Thursday, October 26, 2006

Lose a nickel, stay consistent

I read an article today in a free weekly here in Indianapolis. The gist is the writer decried Wal-Mart for its many predatory practices but still embraced it for its rock bottom prices. He specifically referred to Wal-Mart's discounted pharmaceutical program that has received a lot of attention recently.

I have heard several complaints from friends and co-workers over the years about Wal-Mart. Some have complained about Wal-Mart's effect on small businesses. Others about the further expansion of "Generica" that has spread across the country. Some have complained about how Wal-Mart treats many of their employees with many having to receive federal welfare benefits to make ends meat.

During these conversations I always ask the simple question "Do you shop at Wal-Mart". The overwhelming majority of the time I get the same general response as the writer gave today. They have objections against Wal-Mart for a myriad of reasons but their social conscience is usually trumped by low cost electronics and can goods for a quarter a piece.

I am not a Wal-Mart hater. In fact I have great respect for humble origins of the company.
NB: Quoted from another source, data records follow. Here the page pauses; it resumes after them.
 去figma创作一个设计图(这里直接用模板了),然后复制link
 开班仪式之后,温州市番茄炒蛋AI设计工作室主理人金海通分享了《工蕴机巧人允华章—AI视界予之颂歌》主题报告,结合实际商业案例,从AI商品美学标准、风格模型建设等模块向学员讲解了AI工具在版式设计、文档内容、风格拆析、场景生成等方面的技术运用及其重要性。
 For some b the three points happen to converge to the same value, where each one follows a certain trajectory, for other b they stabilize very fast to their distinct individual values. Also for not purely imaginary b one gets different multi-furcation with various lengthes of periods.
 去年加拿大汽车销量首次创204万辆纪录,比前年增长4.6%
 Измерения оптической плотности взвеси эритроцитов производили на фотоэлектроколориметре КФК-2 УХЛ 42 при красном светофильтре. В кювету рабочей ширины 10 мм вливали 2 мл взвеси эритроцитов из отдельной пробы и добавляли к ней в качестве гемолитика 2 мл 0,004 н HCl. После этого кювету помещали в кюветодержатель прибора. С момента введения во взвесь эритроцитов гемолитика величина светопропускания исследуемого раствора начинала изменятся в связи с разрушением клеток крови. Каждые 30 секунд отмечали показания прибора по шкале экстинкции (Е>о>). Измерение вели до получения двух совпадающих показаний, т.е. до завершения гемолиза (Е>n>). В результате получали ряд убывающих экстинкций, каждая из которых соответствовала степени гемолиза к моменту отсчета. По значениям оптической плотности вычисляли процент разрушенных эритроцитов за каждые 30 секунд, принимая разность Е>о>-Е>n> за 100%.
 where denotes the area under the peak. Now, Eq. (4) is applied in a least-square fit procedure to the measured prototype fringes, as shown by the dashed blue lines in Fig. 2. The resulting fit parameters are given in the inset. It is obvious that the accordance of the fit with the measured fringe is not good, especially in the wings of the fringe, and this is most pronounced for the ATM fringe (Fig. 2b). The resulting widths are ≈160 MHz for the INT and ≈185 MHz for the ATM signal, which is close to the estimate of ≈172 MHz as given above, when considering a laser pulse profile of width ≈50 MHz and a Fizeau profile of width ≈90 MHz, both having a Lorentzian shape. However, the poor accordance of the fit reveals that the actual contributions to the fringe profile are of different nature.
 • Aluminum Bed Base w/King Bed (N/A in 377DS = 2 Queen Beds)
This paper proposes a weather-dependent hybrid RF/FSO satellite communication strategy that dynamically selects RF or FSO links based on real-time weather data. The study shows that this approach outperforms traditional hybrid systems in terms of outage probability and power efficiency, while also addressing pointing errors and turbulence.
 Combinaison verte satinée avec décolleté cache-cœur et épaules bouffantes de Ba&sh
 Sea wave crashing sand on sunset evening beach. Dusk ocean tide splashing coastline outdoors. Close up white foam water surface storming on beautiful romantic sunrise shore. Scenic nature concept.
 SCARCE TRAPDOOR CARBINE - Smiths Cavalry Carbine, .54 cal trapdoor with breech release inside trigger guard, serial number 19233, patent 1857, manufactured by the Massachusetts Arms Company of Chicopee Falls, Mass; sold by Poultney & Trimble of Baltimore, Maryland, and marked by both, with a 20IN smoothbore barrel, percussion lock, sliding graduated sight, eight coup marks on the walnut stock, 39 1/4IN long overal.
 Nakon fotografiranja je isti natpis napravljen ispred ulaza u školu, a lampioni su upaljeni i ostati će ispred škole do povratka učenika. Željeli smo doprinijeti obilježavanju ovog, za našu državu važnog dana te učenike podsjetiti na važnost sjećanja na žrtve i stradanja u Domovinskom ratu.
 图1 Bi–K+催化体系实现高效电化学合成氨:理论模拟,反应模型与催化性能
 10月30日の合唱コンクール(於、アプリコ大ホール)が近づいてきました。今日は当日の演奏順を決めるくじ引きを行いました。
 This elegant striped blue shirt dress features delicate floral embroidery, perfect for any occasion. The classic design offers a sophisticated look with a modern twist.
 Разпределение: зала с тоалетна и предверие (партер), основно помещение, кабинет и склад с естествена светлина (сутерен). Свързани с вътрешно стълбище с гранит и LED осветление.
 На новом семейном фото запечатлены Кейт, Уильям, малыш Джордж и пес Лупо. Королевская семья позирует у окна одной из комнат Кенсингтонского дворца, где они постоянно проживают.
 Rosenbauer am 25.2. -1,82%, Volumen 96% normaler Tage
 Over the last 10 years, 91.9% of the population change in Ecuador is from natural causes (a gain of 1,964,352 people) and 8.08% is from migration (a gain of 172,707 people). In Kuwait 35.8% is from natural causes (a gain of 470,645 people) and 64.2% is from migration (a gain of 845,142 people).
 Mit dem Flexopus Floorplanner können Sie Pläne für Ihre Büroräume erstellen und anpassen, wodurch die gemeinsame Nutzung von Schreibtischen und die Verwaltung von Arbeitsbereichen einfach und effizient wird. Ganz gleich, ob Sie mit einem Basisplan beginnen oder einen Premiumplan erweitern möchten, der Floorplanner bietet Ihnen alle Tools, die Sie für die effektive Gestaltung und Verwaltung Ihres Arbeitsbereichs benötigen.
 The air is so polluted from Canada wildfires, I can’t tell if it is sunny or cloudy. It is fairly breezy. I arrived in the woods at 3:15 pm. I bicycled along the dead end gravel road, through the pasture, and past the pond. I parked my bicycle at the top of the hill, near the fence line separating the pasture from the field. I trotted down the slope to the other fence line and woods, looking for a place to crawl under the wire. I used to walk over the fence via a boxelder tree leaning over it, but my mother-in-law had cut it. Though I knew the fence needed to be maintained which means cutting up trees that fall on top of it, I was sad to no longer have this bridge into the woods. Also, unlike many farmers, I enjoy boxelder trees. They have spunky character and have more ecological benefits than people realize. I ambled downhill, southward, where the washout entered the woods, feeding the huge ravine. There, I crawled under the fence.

I read one biography a year about a great American and last year I read about Sam Walton, the founder of Wal-Mart. His idea of cutting out a distribution network in retail and having companies sell directly to the retail outlet seems logical today but in the past era of five and dimes, that thought process was revolutionary. It is hard to argue against Sam Walton as one of the most important figures in American capitalism in the past 60 years.

But I don't shop at Wal-Mart. Henry Ford wanted each of his workers to be able to buy an automobile that they made, and paid them accordingly. I find it troubling that a worker at Wal-Mart would need taxpayer assistance to survive.

I shop at Target because I like the products they have better and no one matches the company's generosity. I shop at Meijer because no one in retail pays their employees better. It costs me more money a year and although I am not in the position where I do not have to watch my pennies, I don't want to feel like a hypocrite.

If you find Wal-Mart objectionable, then walk the walk and don't just talk the talk.

6 Comments:

Blogger Doug said...

The problem is that you can't live a Wal-mart lifestyle on a Wal-mart wage.

October 26, 2006  
Anonymous Bil Browning said...

Good post, Kid. I agree.

One word of caution though, Meier has one of the lowest possible ratings with the Human Rights Campaign. They do not protect LGBT employees from discrimination in the workplace, have no domestic partner benefits and won't give to LGBT causes at all.

October 26, 2006  
Blogger torporindy said...

First of all, you and Brick are doing a great job with this place while I am gone.

I don't boycott Meijer like I do Wal-Mart. I respect them for paying higher wages to their employees, but they only pay those wages because they are unionized in Michigan and Ohio. Basically, the Indiana employees freeride of union dues paying Meijer's workers in our adjacent states. Trust me, if they were non-union too, the workers here would be making six dollars an hour just like they do at walmart.

Also, Bil, I didn't know about their terrible track record with LGBT employees.

October 26, 2006  
Blogger Timmy said...

I dont shop at Meijer or Wal-mart. I am with The Kid. Target is the place for me.

Also, I didnt know about Meijer's position on LGBT issues. I will have to look into this!

October 27, 2006  
Anonymous Manfred said...

I haven't shopped at Wal-Mart in over 10 years. What is your position on K-Mart?

October 29, 2006  
Blogger The_Kid_ said...

Manfred: I have to admit I don't really have a position. I don't shop there because I don't really like the store. Is there something about the company I should know.

I was impressed with what K-Mart did at the end of "Bowling for Columbine".